More of the CIA lie?
"Who was Tesla?"
"My father's idol."
"And?"
Dr Bruhn described how Nicola Tesla, a Serbia immigrant, overcame Thomas Edison's commitment to power distribution systems based on direct current and established the present alternating current electrical grids. Tesla invented the radio, created lightning, operated
boats by remote control. And all this at the turn of the nineteenth century! "Tesla's is a physics of vibrations. He thought everything in nature operates on vibrations corresponding to alternating current. Tune a coil to the natural frequency of the electricity in the earth, and, using the coil, disturb the electrostatic equilibrium of earth, and this will resonate, amplify, create a mighty force, and harmonics, which can build up to immense effects. The earth is a battery. Produce a commotion in its electrical field, and you can draw all the power from it mankind will ever need. In the natural equilibrium, produce commotion that amplifies the vibrations, and you will produce tremendous results. I think of this as ample-vibes. Mechanical vibrations augmenting resonance can create stupendous effects on matter when it resonates with either the natural vibrations or one of the harmonics. And electricity! You can transmit it like radio, through air or through the earth. Vibrations! Resonance! Augmented! Apply it to gravity, or even to light!" Eyes dilating, he looked around the room. "Electricity is everywhere!" And now he was gesturing. "Matter is contained vibrations; energy is unconfined vibrations!" He stamped the floor and said: "It's just coming to me! Tesla's physics resonate with the new physics called Chaos!"

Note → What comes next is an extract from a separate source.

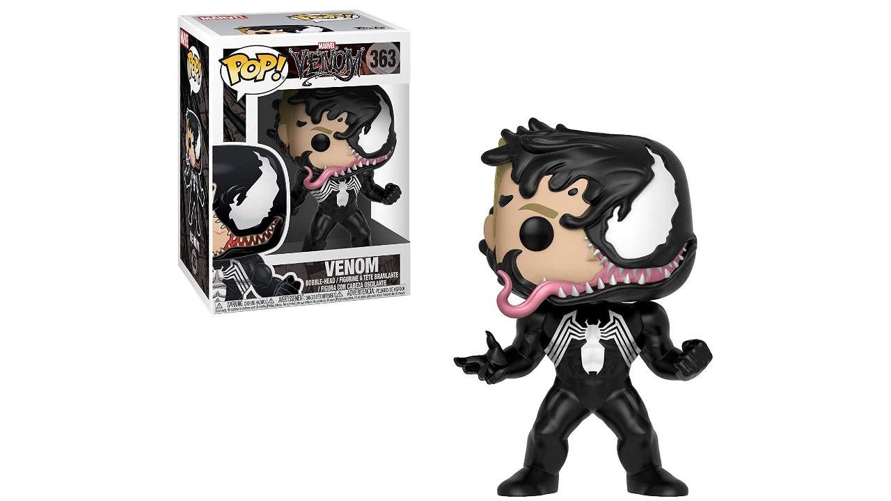 Venom é o ser resultante da simbiose entre uma criatura alienígena e o jornalista Eddie Brock, ex-repórter do jornal Clarim Diário. Sua característica marcante, além do uniforme negro, é a desproporcional e assustadora mandíbula, desenhada no traço de Todd MacFarlane. O Funko Pop! Marvel Venom/Eddie Brock mostra justamente o momento em que ocorre a simbiose entre a criatura e Eddie, criando Venom.

"Dr Bruhn, if humans can get all the power they want, free, and for a century they've known how, why the hell don't they?" "Because, as Tesla says, to do so would be to turn the immense capital wealth embodied in power plants, the coal and oil flow that feeds them, and the power grids themselves into worthless junk." He leaned against the window. "So the big banks and utilities have suppressed both research into and application of this seminal marvel: Tesla's physics of vibrations."
"It's stupidity, then, rather than necessity, which causes humankind to ravage the biosphere."
"Precisely so."
"It's time to erase humankind and let insects rule."